I don’t have you here with me, and today is the last day we have—our farewell.
Therefore I would like to say how much I love you,
And I hope you never forget it.
Tomorrow is not promised to anyone, young or old.
Today might be your last chance to hold tight to the hand of the one you love and show all you feel.
If you are waiting for tomorrow, why not do it today?
Because if tomorrow never comes, you certainly will regret for the rest of your life
Not having spent some extra time for a smile, a conversation, a hug, a kiss,
Because you were too busy to give that person what ended up being their last wish.
Then hug tight today the one you love, your friends, your family, and whisper in their ears how much you love them and want them close to you.

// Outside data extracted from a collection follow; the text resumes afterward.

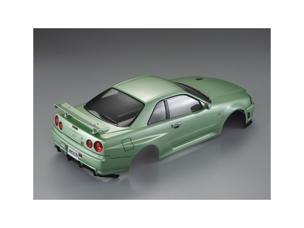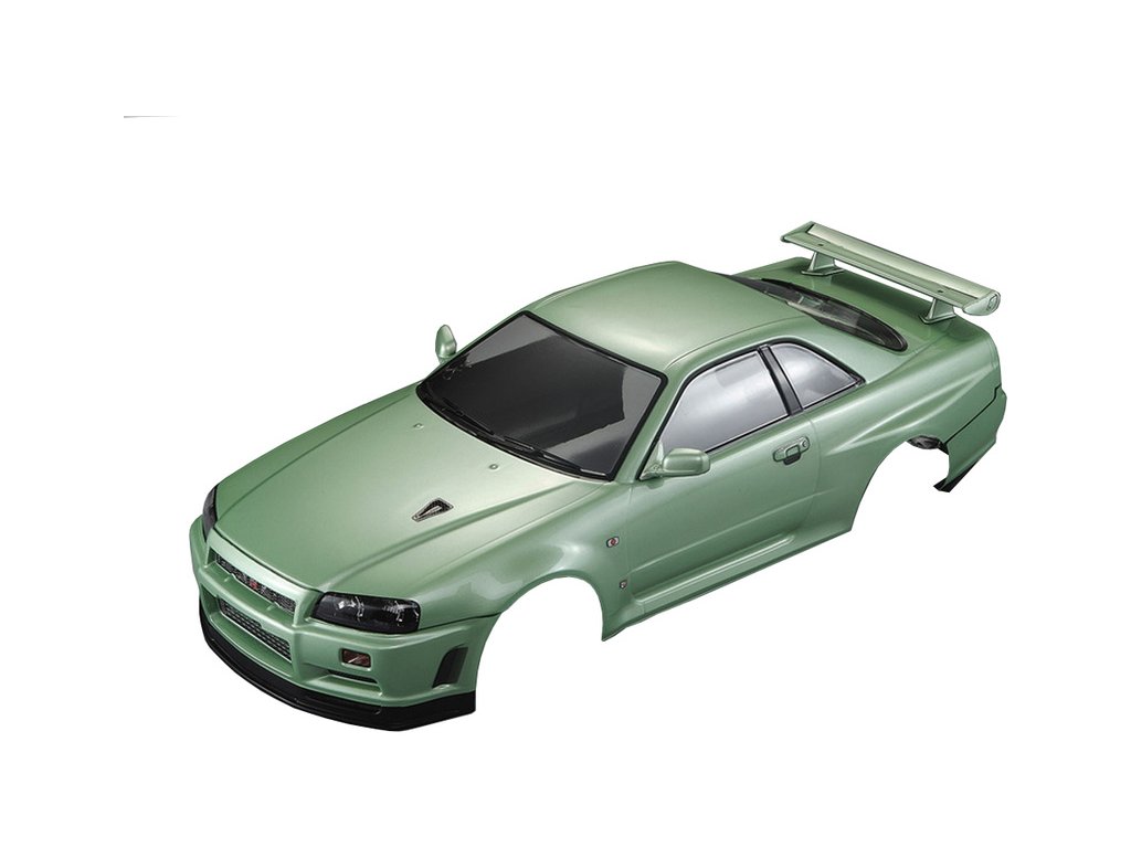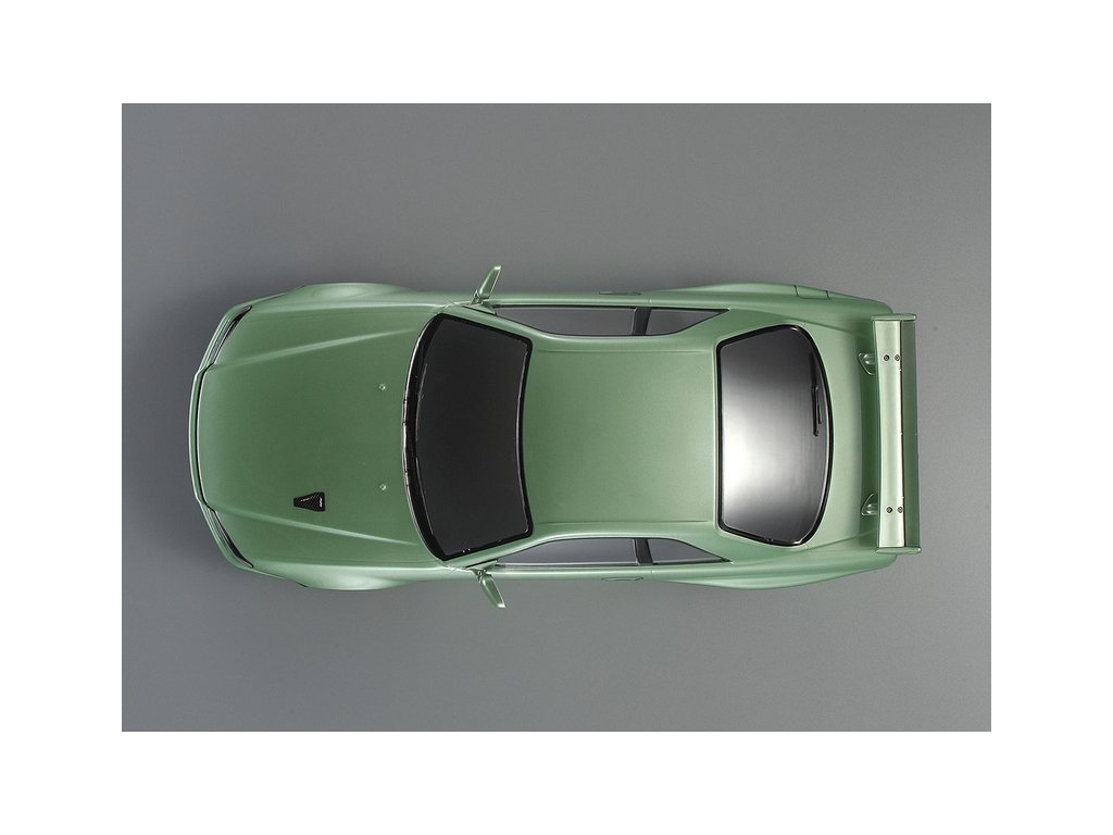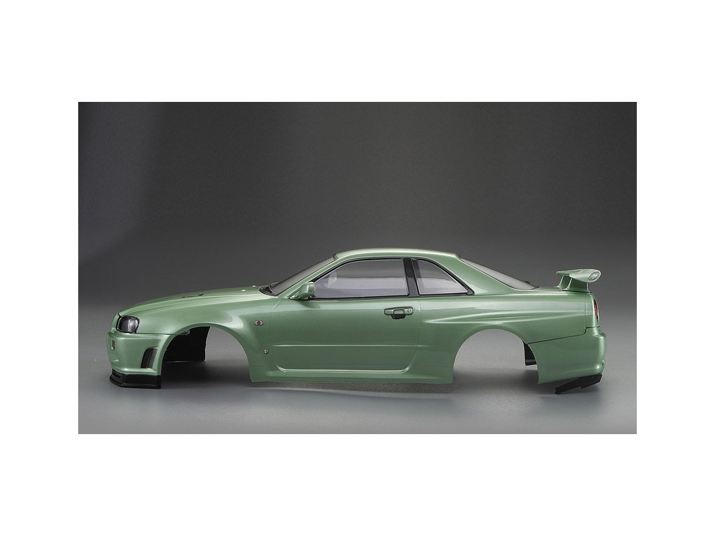 Karosérie Nissan Skyline R34 v zelené barvě je již sestavena. Jen otvory pro připevnění karosérie je nutno dodělat dle potřeby. Aerodynamické a elegantní zpracování karosérie auta vás určitě nezklame.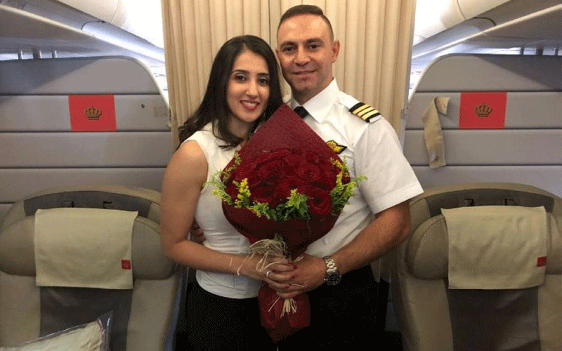 فاجأ مساعد كابتن طائرة تابعة للخطوط الملكية الأردنية المسافرين على متن رحلة من عمان إلى دبي، بإعلانه التقدم للزواج من فتاة كانت بين الركاب.
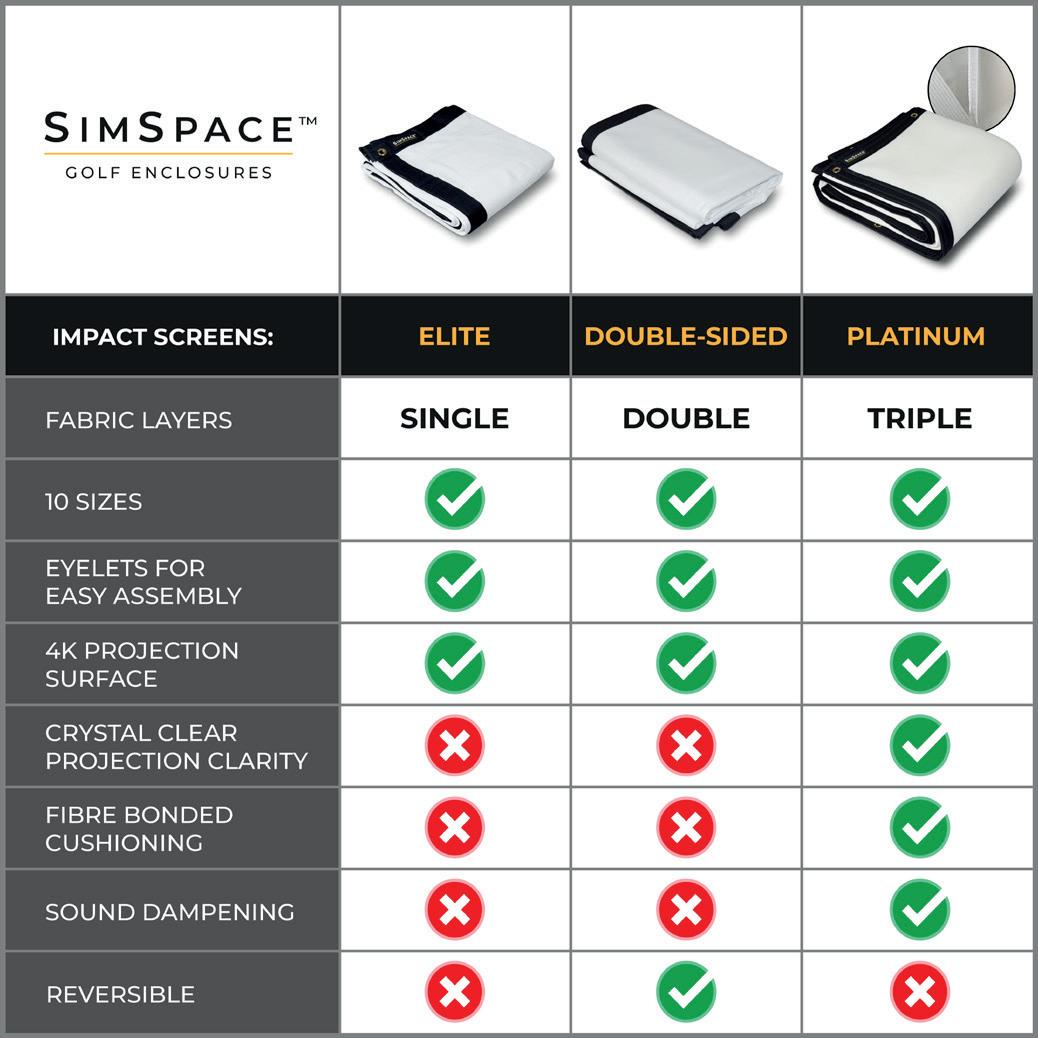 Perfect for home golfers the SimSpace Elite Impact Screen, is designed specifically for light home use. Crafted from a tightknit polyester blend, it ensures excellent 4K image quality and durability. Ideal for those starting their indoor golf journey.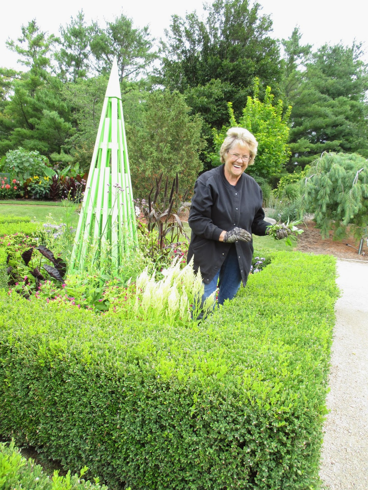 Three of our volunteers can be seen above. I took this photo after watching them chat for 10 minutes and prodded them to get out there! From left to right are Kay, Kathy and Eva. The ladies had a busy morning out in the gardens and thankfully the cold mist didn't dissuade them from all their wonderful progress. Kay weeded multiple areas and collected quite a bit of debris from the color rooms and sloped gardens near Palmer Drive. Kathy (seen below too) and Eva did weeding near the formal gardens and addressed multiple areas. Ron K. was in to tidy in the woodland walk and helped Urban with some serious shrub and tree pruning along the shoreline adjacent to the arched bridge. Bill O. was in for mowing duties and Gary S. did some label work. Our Garden Development & Maintenance Committee met this morning as well and included Big John, Iza, Dick P., Maury, Gary, Christine R. and Dr. Yahr. We also saw Chuck, Mary W., Dick H. and many others today.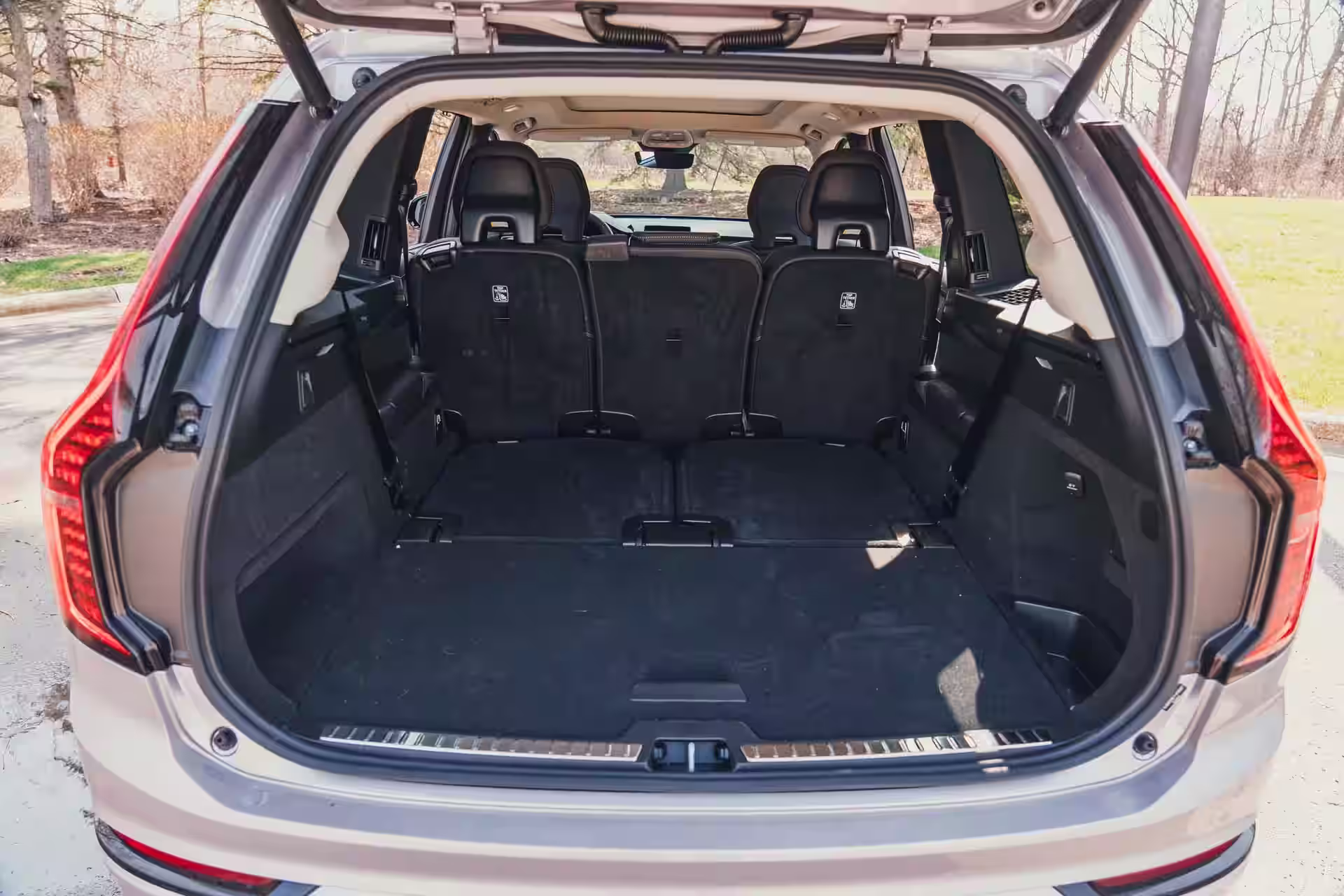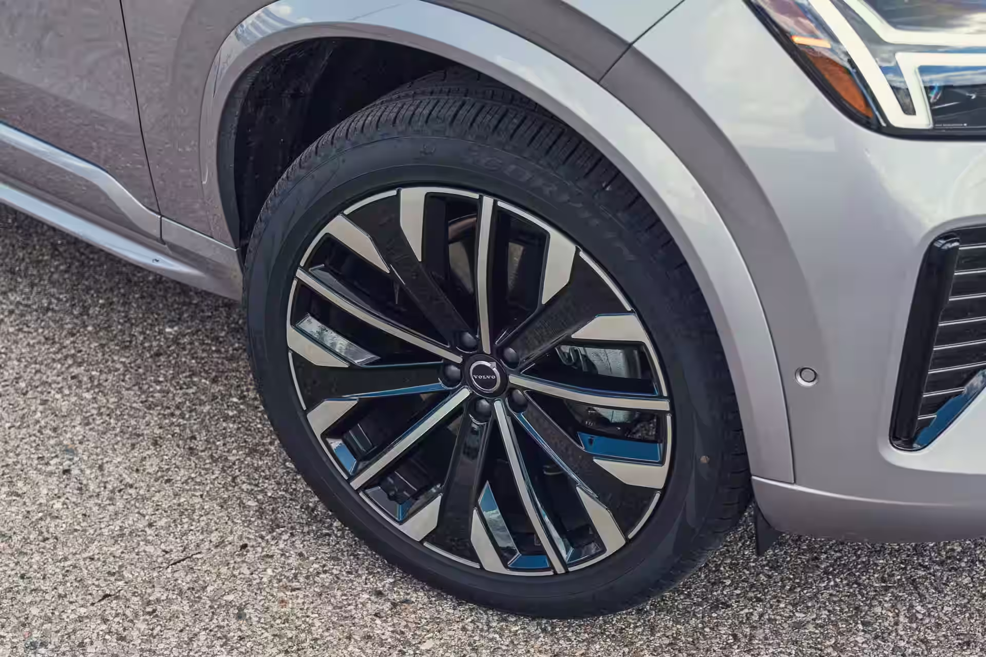 Volvo ha anche dato all’XC90 un sottile restyling per mantenerlo attuale. I fari aggiornati affilano l’anteriore, la griglia ha un aspetto più aggressivo, e gli acquirenti possono scegliere rivestimenti esterni neri invece di argento senza costi aggiuntivi. Quell’aspetto oscurato è quello che rende il SUV più contemporaneo e più desiderabile, specialmente in colori di vernice più scuri come la finitura Aurora Silver su questo veicolo in prova.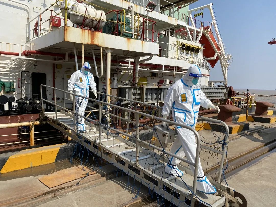 鹽城海岸線長達(dá)582公里,占江蘇省海岸線總長度比重高達(dá)56%,鹽城港共有“一港四區(qū)”,即大豐港區(qū)、濱海港區(qū)、射陽港區(qū)和響水港區(qū),點多面廣。有一群人默默在這些口岸間來回穿梭,對入境船舶實施登臨檢疫,筑牢口岸檢疫防線,他們就是鹽城海關(guān)疫情防控水運專班的成員。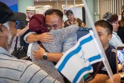 يصل المهاجرون الجدد من الولايات المتحدة الأمريكية وكندا إلى “رحلة علياه” الخاصة “2016” نيابة عن منظمة Nefesh B'Nefesh ، في مطار Ben Gurion في وسط إسرائيل في 17 أغسطس 2016 ، (الائتمان: Miriam Alster/Flash90)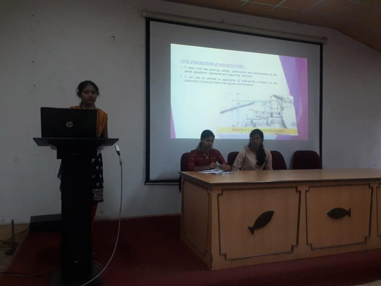 To expose the students to various other fields in the area of Science, arts, media, fiction, literature etc that also have linkage to fisheries UG seminars are being undertaken from 19 Oct, 2019. Various subjects are being allotted to a group consisting of I, II and III year BFSc students to prepare the brief project report and a presentation. Which will also provide the opportunity to the students to explore other areas that may be related to fisheries and aquatic sciences.

Use your time to say, “I’m sorry,” “Please,” “Forgive me,” “Thank you,” Or even, “That was nothing,” “It’s all right,”
Because if tomorrow never comes, you will not have to regret today.
The past doesn’t come back, and the future might not come!"
I know I am learning my lesson and I am hugging the ones I love a little tighter. I am working so hard to never, ever take a moment I have with loved ones for granted. I am trying to say "I love you" more and with more intent. I am praying in a new way, with more fervor and thought.
Thank you Heavenly Father, we are so blessed.